# Instructions for the task
Go to the line below that has "A community has", print it and each line after it exactly, and stop after the line that has "奖励:非绑银、任选韧性坐骑、任选装备字纹(第二套)、龙凤契、远古龙魂等。"; leave out pictures.

# Data provided
● ● ● ●

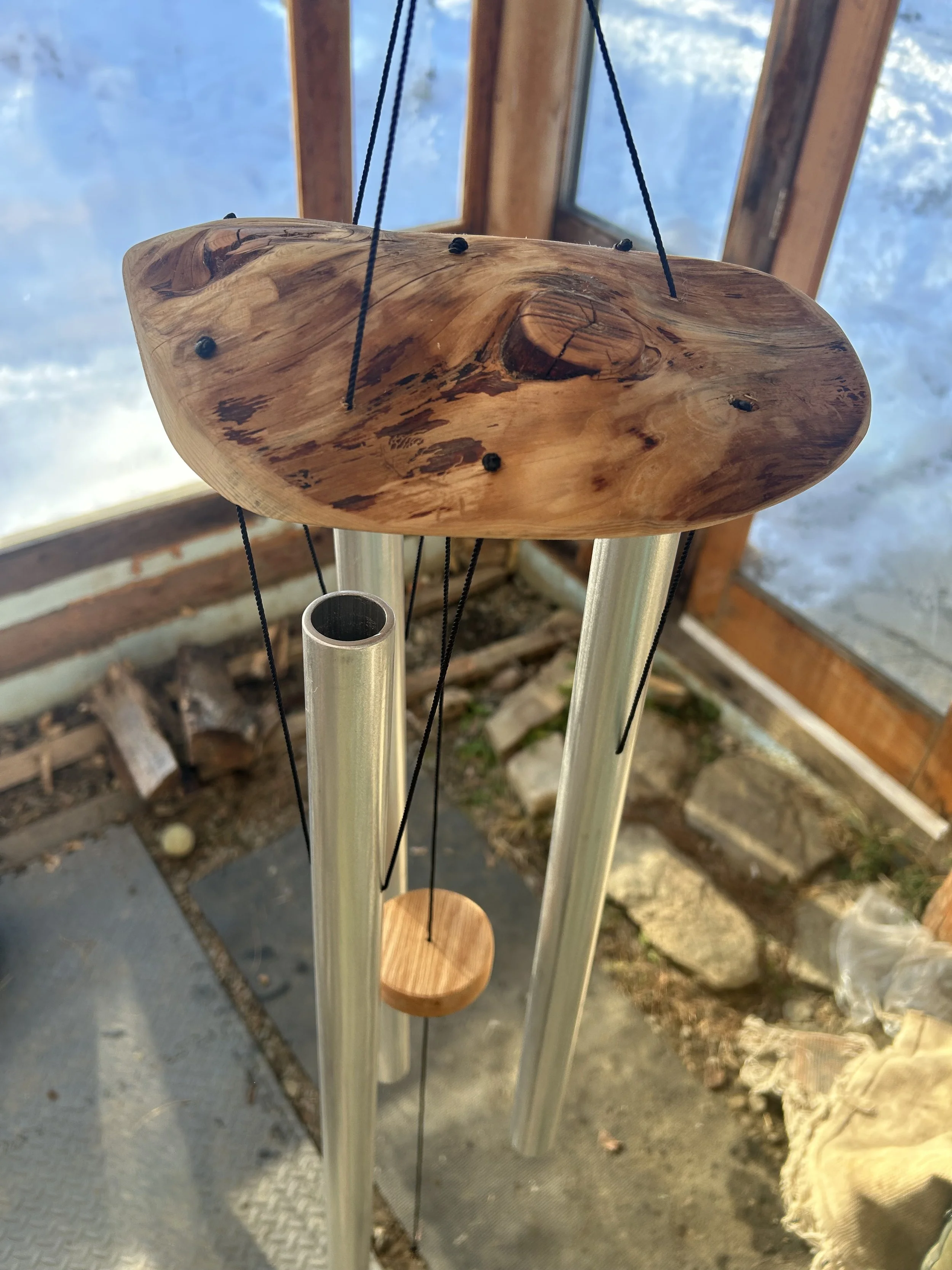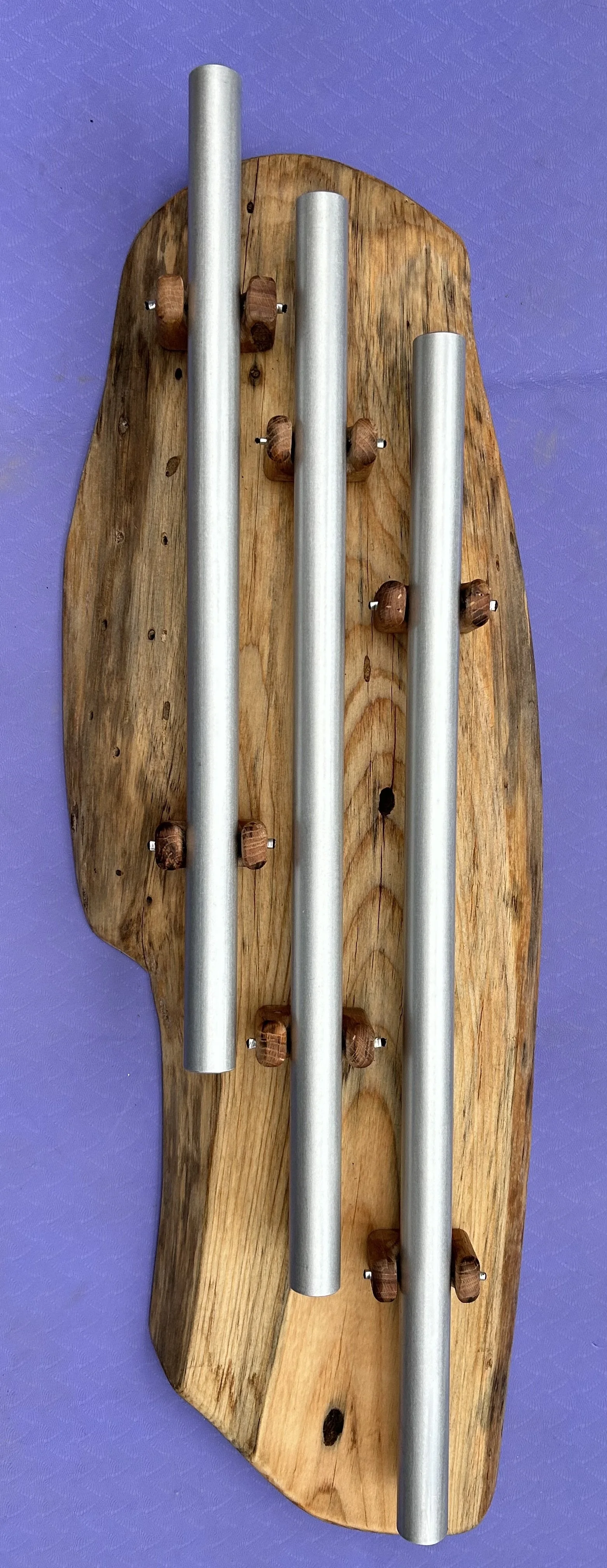 1” Aluminum pipe, precisely hand tuned with Just Intonation, allowing the notes to combine in pure harmony. E 4 triad, combining the E, major 3rd, and perfect fifth. Mounted on Live edge cedar with repurposed oak barn wood for the cradles. Can be hung on a wall or laid flat to play. $300
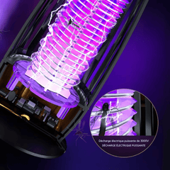 A lightweight, portable lamp that combines UV attraction and electric grid technology to reduce insect disturbances and enhance outdoor comfort.
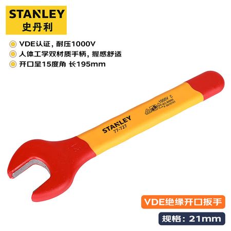 Изолированный рожковый ключ Stanley, устойчивый к высокому напряжению 1000 В, электрический ключ с одной головкой 21 мм STMT77727-23B
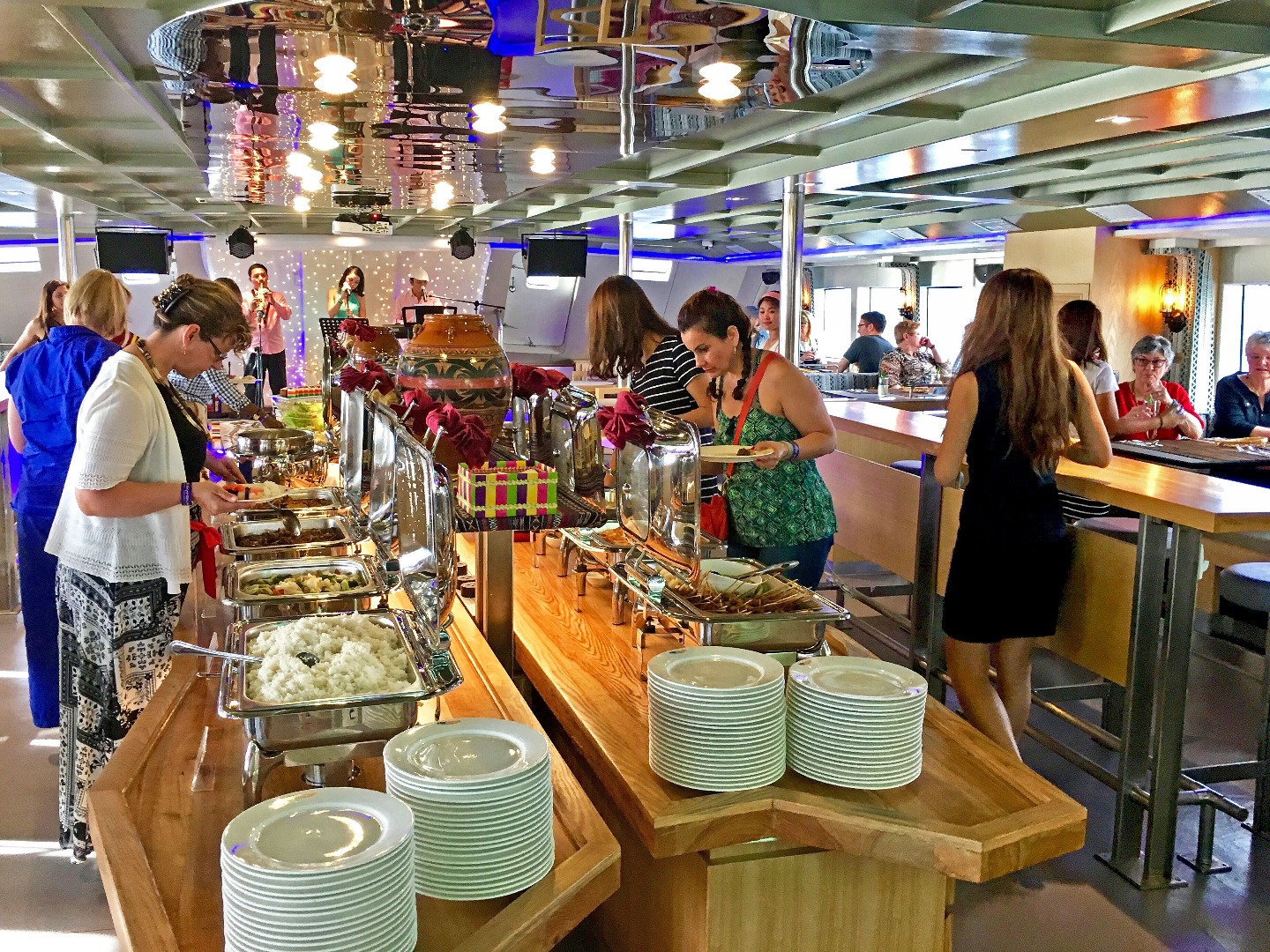 享用美味的自助餐,包括来自世界各地的菜肴和美食
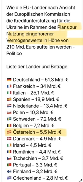 Die EU nimmt Kredite auf, die durch die eingefrorenen russischen Staatsvermögen abgesichert sein sollen. Deren spätere Rückzahlung wäre mit Reparationsleistungen Russlands verknüpft. Mit diesem leicht durchschaubaren Trick wird die Enteignung lediglich auf einen späteren Zeitpunkt verschoben- samt den unvermeidlichen juristischen und politischen Folgen- s. Abb.
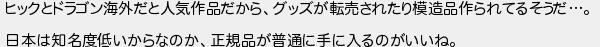 ヒックとドラゴン海外だと人気作品だからグッズが転売されたり模造品作られてるそうだ 日本は知名度低いからなのか正規品が普通に手に入るのがいいね
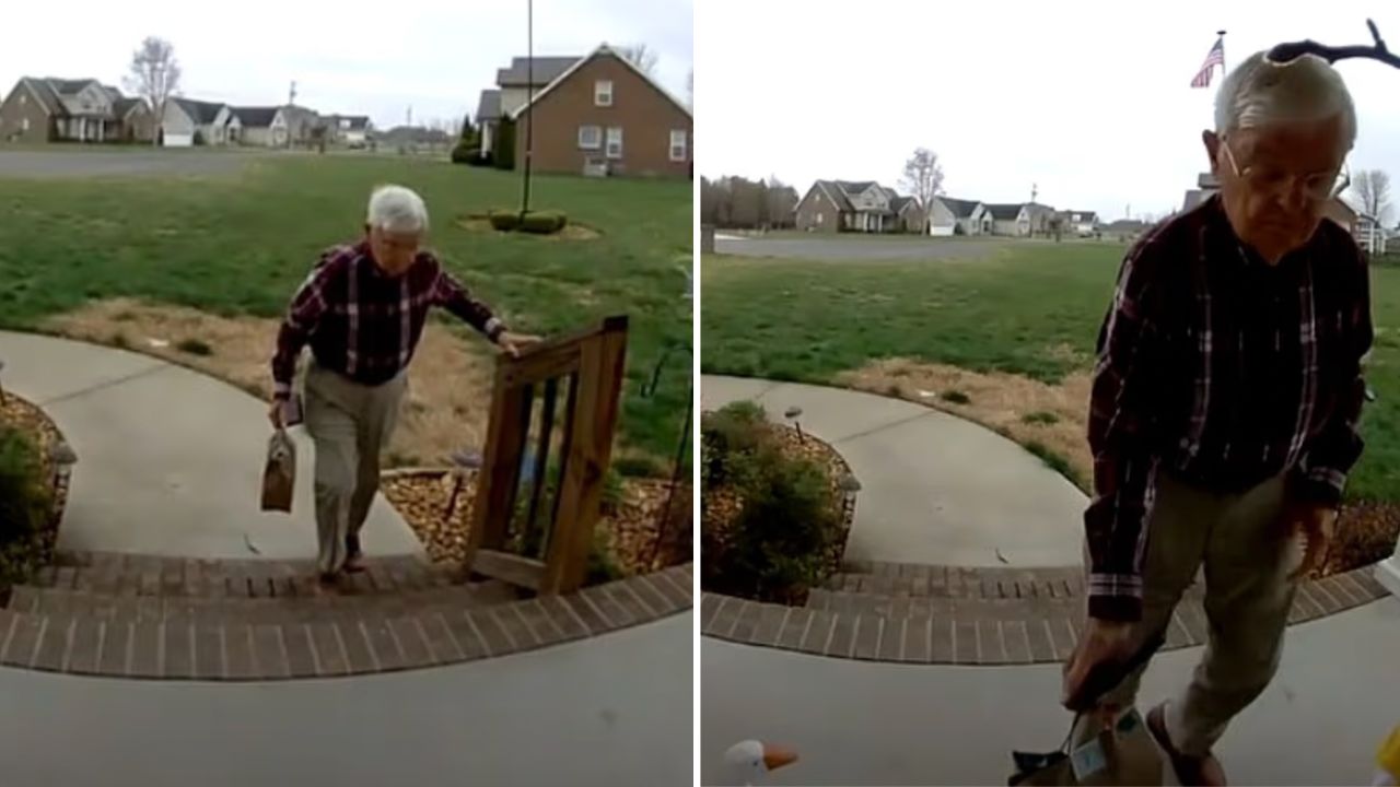A community has rallied around an elderly delivery driver after a doorbell camera captured him struggling to make a food delivery, prompting an outpouring of support online.
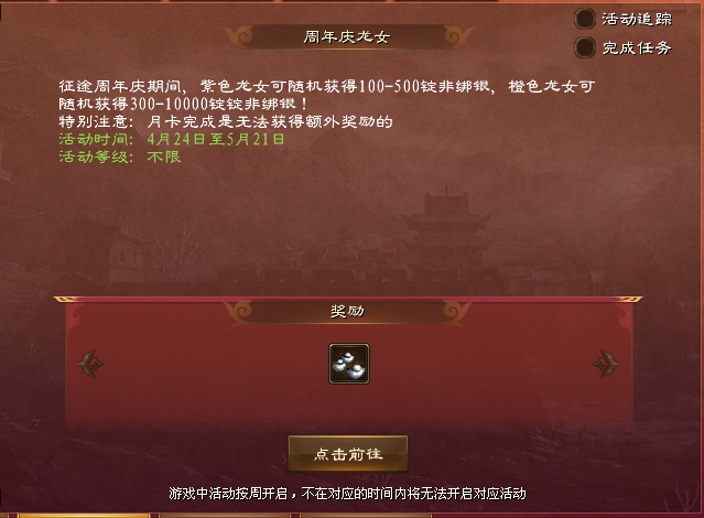 奖励:非绑银、任选韧性坐骑、任选装备字纹(第二套)、龙凤契、远古龙魂等。
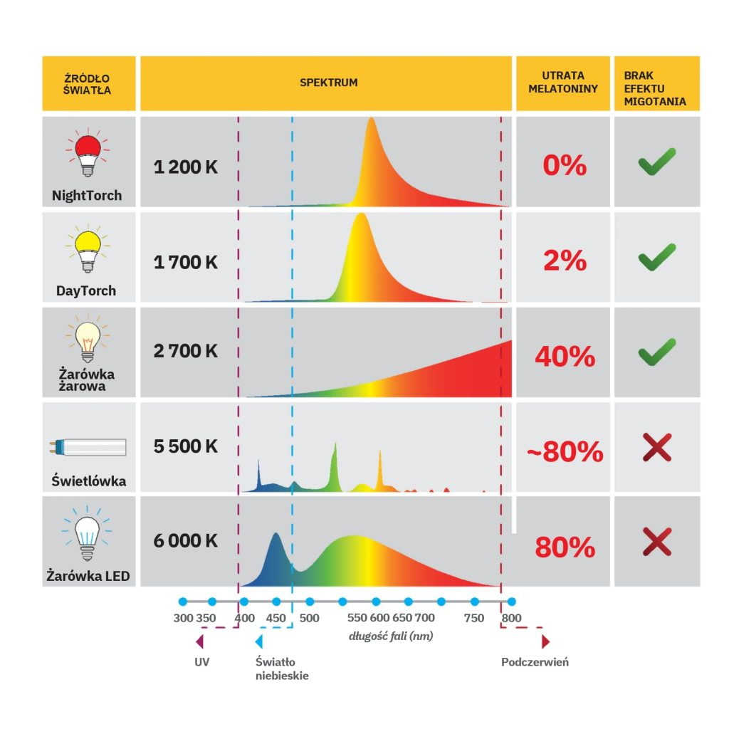 Czerwona żarówka NightTorch oraz pomarańczowa żarówka DayTorch to zdrowa alternatywa dla żarówek LED, które emitują sztuczne niebieskie światło. Zastosowane specjalne diody likwidują efekt migotania, dzięki czemu oczy nie męczą się. Światło ciepłe sprawia, że higiena snu jest zachowana. Czerwona żarówka to świetny wybór do pomieszczeń, w których przebywasz przed snem: do sypialni albo łazienki. Czerwone światło żarówki poprawia jakość snu poprzez regulację produkcji melatoniny i obniżenie poziomu kortyzolu. Z kolei pomarańczowa żarówka zastępuje “zwykłe” żarówki LED, które zapewne masz w salonie, pokoju dziecięcym, korytarzu. Przyjemna barwa sprawi, że będziesz bardziej zrelaksowany i spokojniejszy. Kolejnym skutecznym rozwiązaniem wobec ekspozycji na sztuczne światło wieczorem są okulary blokujące światło niebieskie. Nie musisz wymieniać wszystkich żarówek w domu, jeśli nosisz wieczorem okulary NightShield, najlepiej na 3-4 godziny przed snem. Pomarańczowe okulary skutecznie blokują światło niebieskie, co prowadzi do poprawy snu, zwiększenia poziomu melatoniny, zmniejszenia poziomu kortyzolu, zmniejszenia zmęczenia oczu i poprawy funkcji poznawczych.
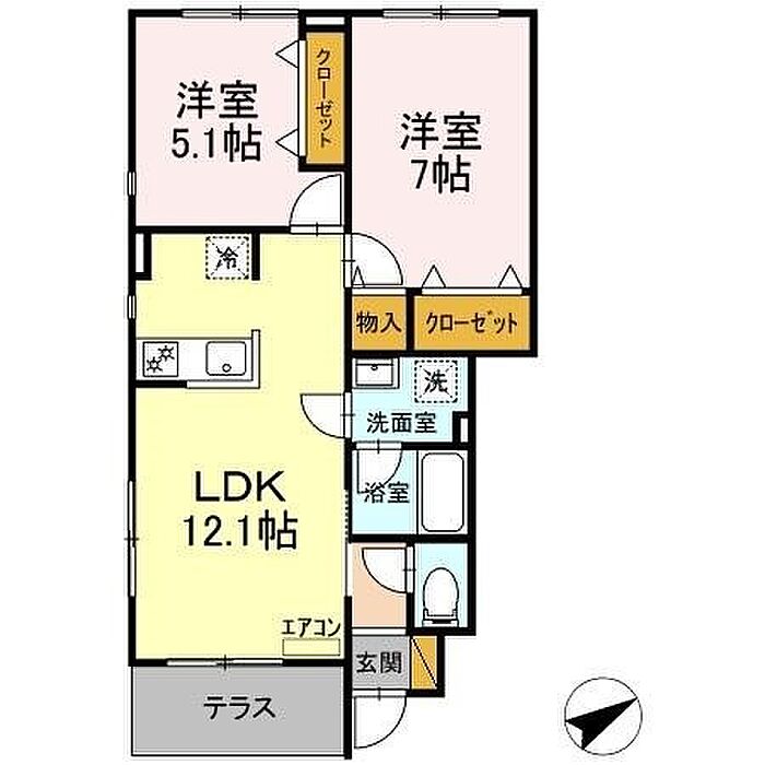 市川市稲荷木1丁目 アパート 2LDK/1階

● ● ● ●

# Problem solution
A community has rallied around an elderly delivery driver after a doorbell camera captured him struggling to make a food delivery, prompting an outpouring of support online.
 奖励:非绑银、任选韧性坐骑、任选装备字纹(第二套)、龙凤契、远古龙魂等。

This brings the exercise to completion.